Actually, my biggest fear about Christianity in the USA today is that it's
_NOT_ "making things happen" Or, perhaps more accurately, the things that it's
making happen are businesses.

The mainline congregations and Catholics of the 19th and early-mid 20th
centuries made serious contributions to:

1\. Education. In addition to the obvious middle and high schools, they
started colleges and universities. There are literally hundreds of catholic,
Lutheran, Presbyterian, Methodist, Baptist, etc. colleges dotting rural
America. There are also many more that have since shaken the affiliation but
were originally started as schools for pastors and teachers. These christian
educational institutions touched more than just the churches; e.g., Fred
Rogers was educated at a college founded by Congregationalists and a seminary
founded by Presbyterians.

2\. Pastoral training/care.
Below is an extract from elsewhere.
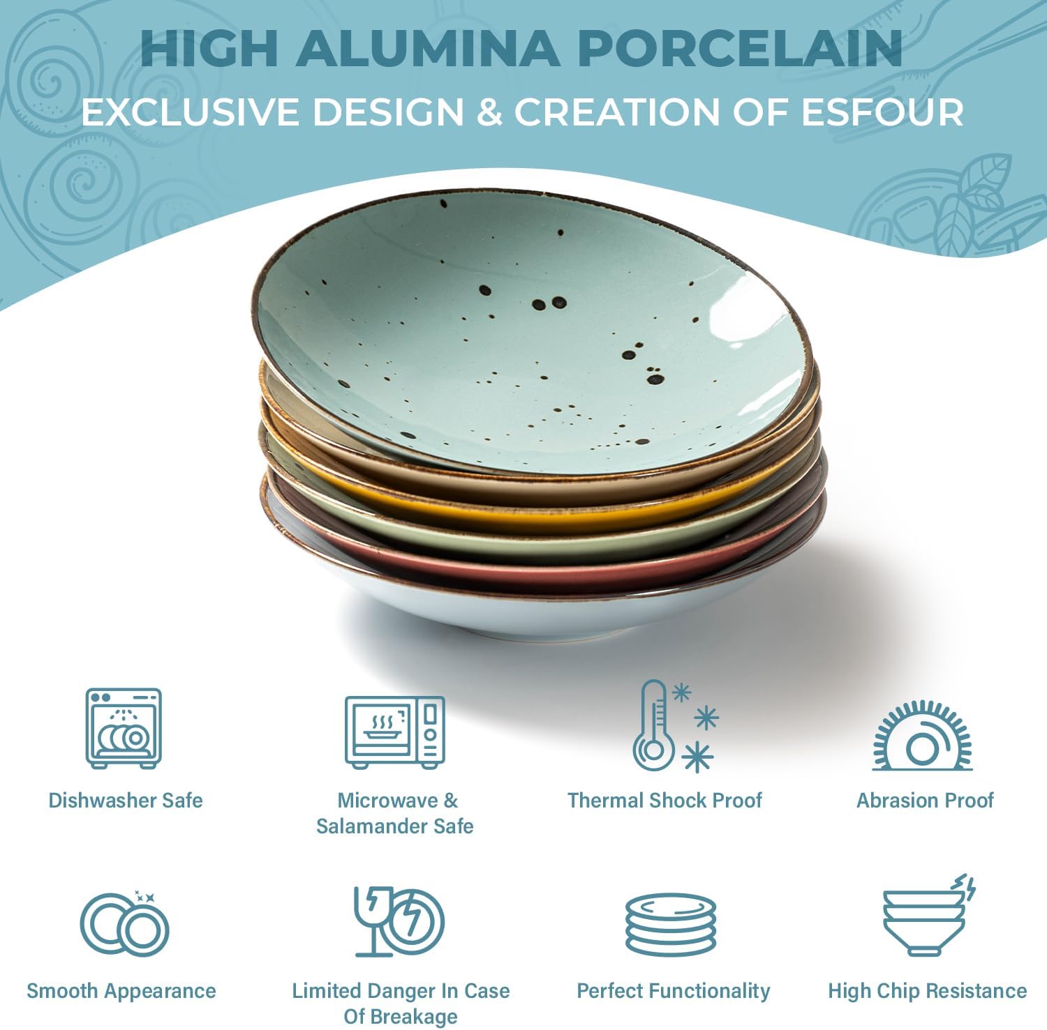 Esfour Ceramic 7.84 Inch Serving Bowls - Set of 6 | 20 Oz Large Pasta Salad Bowls, Microwave/Oven Safe, Wide Shallow Porcelain Bowls for Party, Dinner, Entertaining, Stackable - Vivid Assorted Colors

Aside from the above-mentioned colleges and
universities, these congregations also started/supported seminaries and --
perhaps more importantly -- insisted on well-trained pastoral leadership that
understood the church's teachings.

3\. Congregational care. This included everything from helping out a sick
congregant, to gardening, to helping keep the church building in working
condition.

4\. Community care. Everything from running food pantries to setting up and
staffing health clinics, and sometimes even entire hospitals.

Many modern christian churches aren't much more than tax-free concert venues
with a self-help workshop on the side run by charismatic communications
majors. They'll take the parsonage exemption, but don't seriously engage in
any of the traditional Christian charity work: education, healthcare, caring
for the homeless and elderly, or even teaching the gospel.

Even the congregation's own members seem to have become not much more than
leads for related businesses; e.g., the charismatic church a family friend
attends runs a (very profitable) counseling center and refers its members
there for basically every problem mentioned to a pastor or other staff member.
Not a casserole in sight when she threw out her back, though.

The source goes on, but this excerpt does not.